Steps 3-4. The candidate periods are found by detecting the distance (counted in amino acid positions) among homologous q-grams. Because of the presence of substitutions, insertions, and/or deletions, many instances of q-grams will be probably affected by error and a match could be missed, thus reducing the frequency counts for the candidate period k. In order to cope with this effect, for each block Y_{ j }, function findGappedQGrams(Y_{ j }) records for each occurrence of a gapped q-gram P^{ i }in Y its distances K' to the next 5 occurrences (candidate periods) and its starting position i in Y. Note that the candidate periods will be processed later in order of cumulative weight.

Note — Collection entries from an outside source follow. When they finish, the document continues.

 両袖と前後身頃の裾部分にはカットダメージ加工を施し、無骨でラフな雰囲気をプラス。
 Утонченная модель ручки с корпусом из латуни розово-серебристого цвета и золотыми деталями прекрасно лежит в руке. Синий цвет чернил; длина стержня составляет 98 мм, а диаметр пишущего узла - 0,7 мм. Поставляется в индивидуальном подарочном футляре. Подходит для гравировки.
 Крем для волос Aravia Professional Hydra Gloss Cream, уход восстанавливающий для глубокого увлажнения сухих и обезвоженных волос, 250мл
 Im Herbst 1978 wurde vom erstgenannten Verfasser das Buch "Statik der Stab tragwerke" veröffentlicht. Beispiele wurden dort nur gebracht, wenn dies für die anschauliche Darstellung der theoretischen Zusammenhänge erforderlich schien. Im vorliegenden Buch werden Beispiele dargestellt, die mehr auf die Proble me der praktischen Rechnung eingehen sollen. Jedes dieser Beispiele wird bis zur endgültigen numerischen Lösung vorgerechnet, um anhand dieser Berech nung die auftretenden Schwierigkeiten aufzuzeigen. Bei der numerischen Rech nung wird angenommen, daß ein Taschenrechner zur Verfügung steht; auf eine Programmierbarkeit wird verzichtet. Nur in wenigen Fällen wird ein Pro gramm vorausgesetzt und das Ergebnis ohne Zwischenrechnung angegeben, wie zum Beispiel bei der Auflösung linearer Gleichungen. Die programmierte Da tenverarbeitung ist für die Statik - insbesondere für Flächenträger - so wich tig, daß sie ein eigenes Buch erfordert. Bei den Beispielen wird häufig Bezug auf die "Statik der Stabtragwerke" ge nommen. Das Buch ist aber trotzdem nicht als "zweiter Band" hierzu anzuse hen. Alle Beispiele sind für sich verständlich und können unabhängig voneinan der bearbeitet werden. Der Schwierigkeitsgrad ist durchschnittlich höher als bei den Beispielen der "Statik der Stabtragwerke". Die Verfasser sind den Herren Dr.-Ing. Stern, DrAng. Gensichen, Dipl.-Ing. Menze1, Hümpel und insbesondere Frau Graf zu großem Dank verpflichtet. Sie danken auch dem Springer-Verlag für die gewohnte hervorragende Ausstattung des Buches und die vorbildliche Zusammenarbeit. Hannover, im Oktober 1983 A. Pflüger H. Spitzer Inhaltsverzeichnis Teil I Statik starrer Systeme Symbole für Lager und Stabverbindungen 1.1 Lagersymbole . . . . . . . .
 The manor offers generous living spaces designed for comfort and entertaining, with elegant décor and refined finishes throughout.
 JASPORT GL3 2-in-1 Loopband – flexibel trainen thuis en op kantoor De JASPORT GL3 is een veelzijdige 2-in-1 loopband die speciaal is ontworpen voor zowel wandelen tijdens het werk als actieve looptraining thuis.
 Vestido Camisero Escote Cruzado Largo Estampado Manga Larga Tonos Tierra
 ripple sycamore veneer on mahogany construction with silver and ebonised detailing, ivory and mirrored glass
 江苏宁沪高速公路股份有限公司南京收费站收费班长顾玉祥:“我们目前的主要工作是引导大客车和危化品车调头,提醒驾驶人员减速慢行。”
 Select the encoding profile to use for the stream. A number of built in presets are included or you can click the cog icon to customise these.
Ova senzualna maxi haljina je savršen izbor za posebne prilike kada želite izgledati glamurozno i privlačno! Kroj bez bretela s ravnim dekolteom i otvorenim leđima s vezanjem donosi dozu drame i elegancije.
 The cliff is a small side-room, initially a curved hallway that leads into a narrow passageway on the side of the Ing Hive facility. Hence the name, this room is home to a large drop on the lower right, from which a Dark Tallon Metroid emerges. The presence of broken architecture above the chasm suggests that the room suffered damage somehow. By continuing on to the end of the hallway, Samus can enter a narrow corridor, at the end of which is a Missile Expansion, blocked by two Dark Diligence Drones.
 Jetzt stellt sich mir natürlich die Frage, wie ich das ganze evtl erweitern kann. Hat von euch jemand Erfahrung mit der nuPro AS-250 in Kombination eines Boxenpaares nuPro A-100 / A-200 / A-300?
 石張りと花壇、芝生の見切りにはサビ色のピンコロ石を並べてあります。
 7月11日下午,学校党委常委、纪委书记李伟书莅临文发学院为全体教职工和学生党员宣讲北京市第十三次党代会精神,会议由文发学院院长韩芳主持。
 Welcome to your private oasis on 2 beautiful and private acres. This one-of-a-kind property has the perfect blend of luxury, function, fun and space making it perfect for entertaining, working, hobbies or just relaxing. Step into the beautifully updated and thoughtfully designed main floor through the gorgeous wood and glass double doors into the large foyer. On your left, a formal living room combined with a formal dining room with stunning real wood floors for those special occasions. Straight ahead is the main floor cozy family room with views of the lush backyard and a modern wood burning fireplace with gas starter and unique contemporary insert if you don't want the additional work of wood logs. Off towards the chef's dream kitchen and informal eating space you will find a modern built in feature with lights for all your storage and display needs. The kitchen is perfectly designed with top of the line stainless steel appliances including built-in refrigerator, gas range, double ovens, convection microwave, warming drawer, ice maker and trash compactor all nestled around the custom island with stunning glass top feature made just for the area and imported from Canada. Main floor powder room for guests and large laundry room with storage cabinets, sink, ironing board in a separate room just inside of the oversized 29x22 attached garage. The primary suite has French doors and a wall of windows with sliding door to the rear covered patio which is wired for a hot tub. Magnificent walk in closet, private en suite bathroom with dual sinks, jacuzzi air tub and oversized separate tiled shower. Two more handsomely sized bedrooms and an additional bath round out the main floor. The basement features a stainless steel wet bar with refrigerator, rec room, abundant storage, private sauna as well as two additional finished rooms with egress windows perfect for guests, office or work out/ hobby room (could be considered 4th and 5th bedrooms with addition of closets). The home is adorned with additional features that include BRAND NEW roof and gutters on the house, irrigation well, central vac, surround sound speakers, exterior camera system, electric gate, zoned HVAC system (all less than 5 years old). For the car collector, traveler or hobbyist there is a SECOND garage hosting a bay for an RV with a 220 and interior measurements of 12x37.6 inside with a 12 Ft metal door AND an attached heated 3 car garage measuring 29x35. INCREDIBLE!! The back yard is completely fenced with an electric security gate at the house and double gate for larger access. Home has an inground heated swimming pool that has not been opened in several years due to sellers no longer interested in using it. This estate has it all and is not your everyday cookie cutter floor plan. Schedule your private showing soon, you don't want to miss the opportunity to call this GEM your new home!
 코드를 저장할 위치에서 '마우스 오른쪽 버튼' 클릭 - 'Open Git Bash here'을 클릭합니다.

Steps 5-8. For each period k detected by a q-gram at position i, the function updateWeight(k, i) increments the weight w(k) of the period k ∈ K' by applying the two weighting techniques presented before: the anti-smear weighting technique to cope with the fluctuations in the period of matching q-grams introduced by insertion and deletions of amino acids in a sequence (see Equation 1), and the multiplicity weighting (see Equation 2) to strengthen the signal when the TR is made by more than two repeating units. For computing the anti-smear weight as shown in Equation 1 we empirically set h = 5 and H = 20. The candidate pair (k, i) is then added to the set K, if it is not already present.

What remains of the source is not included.